Single-Link Steg and Multi-Link Steg are realized in the experiment, respectively. The open-source BT clients are modified to implement the proposed scheme, delivering the secret information covertly. Under the Single-Link Steg mode, steganographic receiver disguises as the BT seeder. The data size of secret information is 255 bytes and the shared video file is selected whose size is 104 MB. The communication packets between the steganographic peers are captured by Wireshark, as shown in Figure 9. It can be seen that the secret data is transferred successfully by format substituting the partial content of the Bitfield message. Besides, it is verified that the legitimate BT communication has not been affected by the revision of the Bitfield message. The negotiation messages such as Interested and Unchoke are exchanged subsequently and so are the file fragment transmission messages such as Request and Piece. In that, it can be concluded that the proposed steganography retains normal communication without introducing any additional anomaly.

Under the Multi-Link Steg mode, The data size of secret information is 1 kB, and the shared video file is selected whose size is 90 MB. In this scenario, there are three steganographic peers involving in the covert communication, in which peer1 and peer2 are all controlled by the steganographic sender, in order to cooperatively transfer the secret data. Peer3 is the steganographic sender, which acts as the BT seeder. Figure 10 presents the Bitfield messages of steganographic peer1 and peer2, which contain the secret block, respectively.

Further experiments are performed to evaluate the main performance metrics of the proposed scheme, which contain the undetectability, robustness, and capacity analysis.

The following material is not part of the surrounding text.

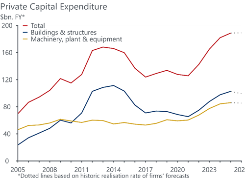 - Today’s data are an encouraging sign that heightened economic uncertainty did not take too much of a toll on Australian businesses in Q2. Nevertheless, some of these impacts may come through with a lag. Firms’ expectations for next year’s spending have been wound back a little and point to very little growth in business investment in FY26.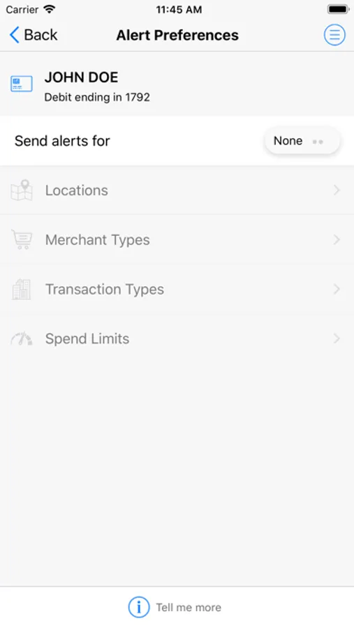Set spending limits to decline transactions above your thresholds. Monitor activity by category such as gas stations and restaurants, and by type: in-store purchases, e-commerce transactions and ATM transactions.

As the undetectability and robustness will not be affected by the number of steganographic peers, only the mode of Single-Link Steg is considered in the corresponding experiment.

5.2. Undetectability

As the core property, undetectability refers to the covert traffic that cannot be differentiated from the normal one, which is all depended on the similarity between the two. Therefore, in order to improve undetectability, the modulation of secret information cannot generate abnormal traffic or properties. In the experiment, normal traffic of downloading general video files in BT clients (BitTorrent, μTorrent, and Vuze) is captured by Wireshark. Then, the lengths of <bitfield> in bitfield messages are extracted to form the normal samples. The number of normal and steganography samples is 20,000. In the following, statistical and machine learning-based steganalysis is utilized to detect our proposed scheme, respectively.

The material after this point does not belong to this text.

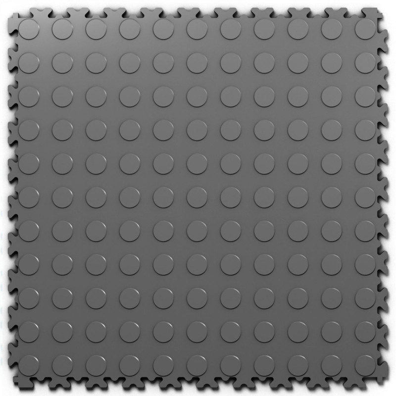 Fortelock Industry Graphite Monety to modułowa płyta posadzkowa klasy przemysłowej (Heavy Duty), wykonana w 100% z homogenicznego PCW o grubości 7 mm. Wyróżnia się kolorem grafitowym (ciemnoszary, zbliżony do RAL 7015) oraz powierzchnią o strukturze pastylkowej (wzór monet), która zapewnia optymalny balans między antypoślizgowością a łatwością utrzymania czystości.

5.2.1. Statistical-Based Steganalysis

Statistical-based steganalysis is the most common and popular method to detect the potential covert traffic, in which statistical properties such as traffic regularity or distribution function are exploited to distinguish the normal and covert traffic. As we know, the histogram is a significant property that can reveal the statistical distribution feature of traffic. Therefore, the histograms of normal and covert traffic of our scheme are compared in Figure 11, where the x-axis shows the field length of <bitfield> ranging from 0 to 2500 Bytes and the y-axis indicates the number of lengths that occurred within each bin (the x-axis is divided into eight bins). As shown in the figure, the field length of normal <bitfield> occurs most between 800 and 1200 Bytes, with a peak value of 1000 Bytes. It is obvious that the histogram of our scheme matches the normal one quiet well. The file size which is calculated is approximately 4.9 GB corresponding to the maximum <bitfield> length of 2500 Bytes.

Meanwhile, two notable detection methods are employed to reckon the detection resistance of our scheme compared with StegTorrent [25] quantitatively, which are the Entropy test [26] and Kolmogorov–Smirnov test [27]. For normal and covert samples, they are both divided into 20 consecutive windows whose size is 1000. Certain statistical feature of each window is calculated and used during the detection process, as depicted in Figure 12.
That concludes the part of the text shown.